Peter Bach and Robert Kocher offer an intriguing but wrong-headed approach to expanding the roster of primary care doctors in America. In a New York Times op-ed entitled, "Why medical school should be free," the authors note:
Fixing our health care system will be impossible without a larger pool of competent primary care doctors. . . . [T]he American Academy of Family Physicians has estimated a shortfall of 40,000 primary care doctors by 2020.
Making medical school free would relieve doctors of the burden of student debt and gradually shift the work force away from specialties and toward primary care.
We estimate that we can make medical school free for roughly $2.5 billion per year — about one-thousandth of what we spend on health care in the United States each year. What’s more, we can offset most if not all of the cost of medical school without the government’s help by charging doctors for specialty training.

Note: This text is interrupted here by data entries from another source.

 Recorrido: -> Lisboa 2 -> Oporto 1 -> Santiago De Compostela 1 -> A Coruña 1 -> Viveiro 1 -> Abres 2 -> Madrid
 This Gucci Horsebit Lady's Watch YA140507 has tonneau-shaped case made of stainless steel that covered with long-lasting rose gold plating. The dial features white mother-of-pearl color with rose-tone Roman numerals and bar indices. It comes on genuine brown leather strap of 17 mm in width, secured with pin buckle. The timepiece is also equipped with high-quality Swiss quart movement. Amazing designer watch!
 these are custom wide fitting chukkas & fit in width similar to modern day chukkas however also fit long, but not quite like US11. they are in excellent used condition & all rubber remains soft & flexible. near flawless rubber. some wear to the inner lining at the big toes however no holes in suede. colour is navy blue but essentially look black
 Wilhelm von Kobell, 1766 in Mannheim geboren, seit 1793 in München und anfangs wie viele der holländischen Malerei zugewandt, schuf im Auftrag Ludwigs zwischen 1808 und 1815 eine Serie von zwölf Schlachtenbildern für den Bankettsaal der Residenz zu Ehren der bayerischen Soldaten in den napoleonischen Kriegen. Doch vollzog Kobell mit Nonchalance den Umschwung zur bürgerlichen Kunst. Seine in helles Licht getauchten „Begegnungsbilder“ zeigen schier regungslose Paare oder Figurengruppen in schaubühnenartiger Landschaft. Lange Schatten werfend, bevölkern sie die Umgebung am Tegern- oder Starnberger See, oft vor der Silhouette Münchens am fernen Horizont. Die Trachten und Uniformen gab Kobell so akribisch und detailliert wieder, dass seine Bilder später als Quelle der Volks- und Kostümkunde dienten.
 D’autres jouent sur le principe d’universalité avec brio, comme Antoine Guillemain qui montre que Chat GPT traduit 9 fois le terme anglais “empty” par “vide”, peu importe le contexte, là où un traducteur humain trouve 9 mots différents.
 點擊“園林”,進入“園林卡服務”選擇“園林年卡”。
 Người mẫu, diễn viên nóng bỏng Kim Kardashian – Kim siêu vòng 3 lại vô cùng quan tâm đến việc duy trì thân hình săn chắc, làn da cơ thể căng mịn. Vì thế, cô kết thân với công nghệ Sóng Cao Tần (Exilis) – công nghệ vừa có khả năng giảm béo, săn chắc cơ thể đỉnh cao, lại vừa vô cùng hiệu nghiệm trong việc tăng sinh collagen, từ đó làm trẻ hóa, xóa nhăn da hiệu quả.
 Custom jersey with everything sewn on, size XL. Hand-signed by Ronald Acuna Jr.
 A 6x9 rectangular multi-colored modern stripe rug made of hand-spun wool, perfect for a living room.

[U]nder our plan, medical school tuition, which averages $38,000 per year, would be waived. Doctors choosing training in primary care, whether they plan to go on later to specialize or not, would continue to receive the stipends they receive today. But those who want to get specialty training would have to forgo much or all of their stipends, $50,000 on average.

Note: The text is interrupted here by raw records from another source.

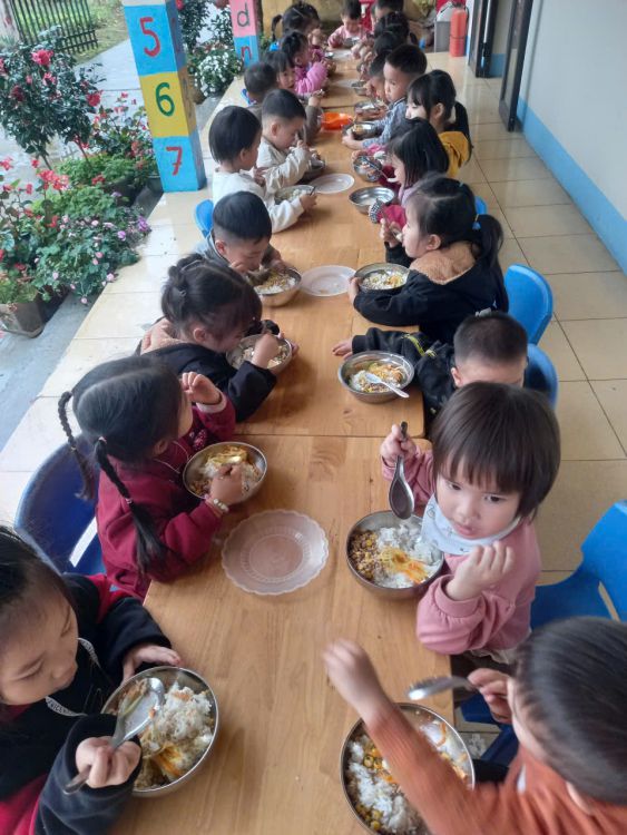 Trong giờ ăn, các bé ngồi ngay ngắn bên bàn, tự xúc cơm gọn gàng. Bữa ăn đầu xuân đầy đủ dinh dưỡng giúp các con nhanh chóng lấy lại nhịp sinh hoạt. Nhiều bé ăn ngon miệng, vui vẻ trò chuyện cùng bạn, thể hiện sự thích nghi tốt khi quay trở lại trường.
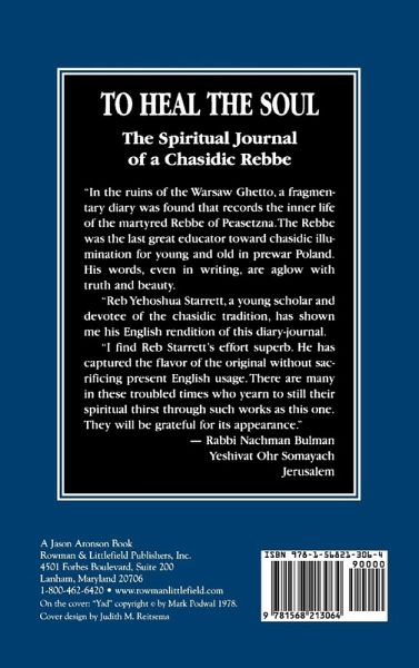 Within the vast and varied body of chasidic literature, rarely does one find a chasidic rebbe writing about himself. Those rebbes who did choose to put pen to paper tended to write expositions on biblical or rabbinical texts, and in many cases it was their students and followers who copied down their teachings. Thus the modern reader is left with works that tend to be impersonal, esoteric, and often complex. The journal of Rabbi Shapira is unique in its use of first-person narrative to relay the inner thoughts, fears, and struggles of this bold leader as he responds to the pains of life. It offers guidelines for spiritual progress and several meditations based on an active imagination. Rabbi Shapira tells us that the purpose of this work is to bequeath a journal of his personal struggles and triumphs to posterity. Some entries are indeed very revealing; the Rebbe is not afraid to disclose his moments of self-doubt, his anger, his fears, and his fervent hope that his soul will remain strong as his body grows old. The more one reads of Rabbi Shapira's journal, the more insight and inspiration one will glean from its message. Young and old will find personal, spiritual guidance in these pages and be able to reap from the maternal fulfillment.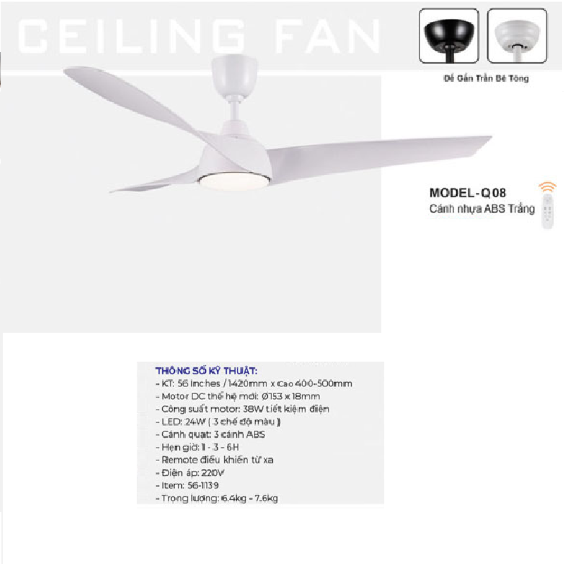 - Sản phẩm: MODEL - Q08: Quạt trần đèn 3 cánh nhựa ABS màu trắng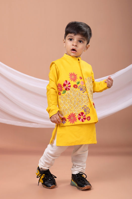 Yellow Kurta With Mix Heavy Embroidered Bundi Jacket With Pajama Set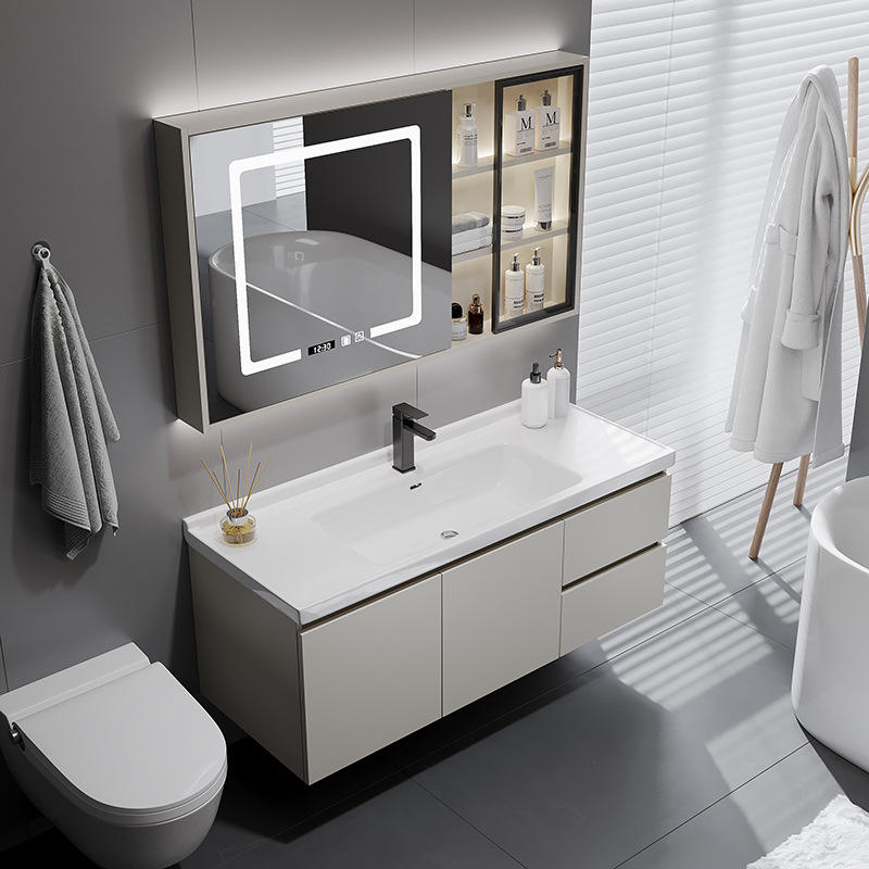 Armoire de salle de bain murale intelligente avec miroir intégré, en MDF, résistante à l'eau, au design moderne et minimaliste, personnalisable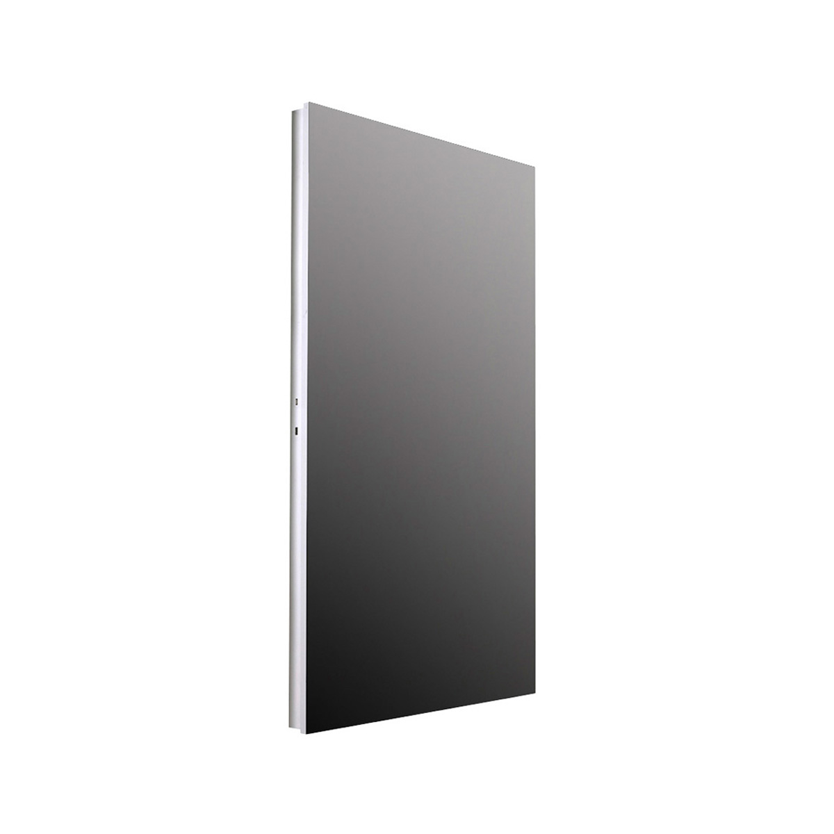 Modern, rectangular mirror with aluminum frame.

This is such a convoluted plan that it is unlikely to get much traction, but its proposal is indicative of a more fundamental problem, a huge gap in what primary care doctors and other cognitive specialists get paid under Medicare (and therefore by private insurers) compared to what procedural specialists get paid:
Our plan would not directly address the chronic wage gap between primary care providers and specialists. But efforts to equalize incomes have been stymied for decades by specialists, who have kept payment rates for procedures higher than those for primary care services.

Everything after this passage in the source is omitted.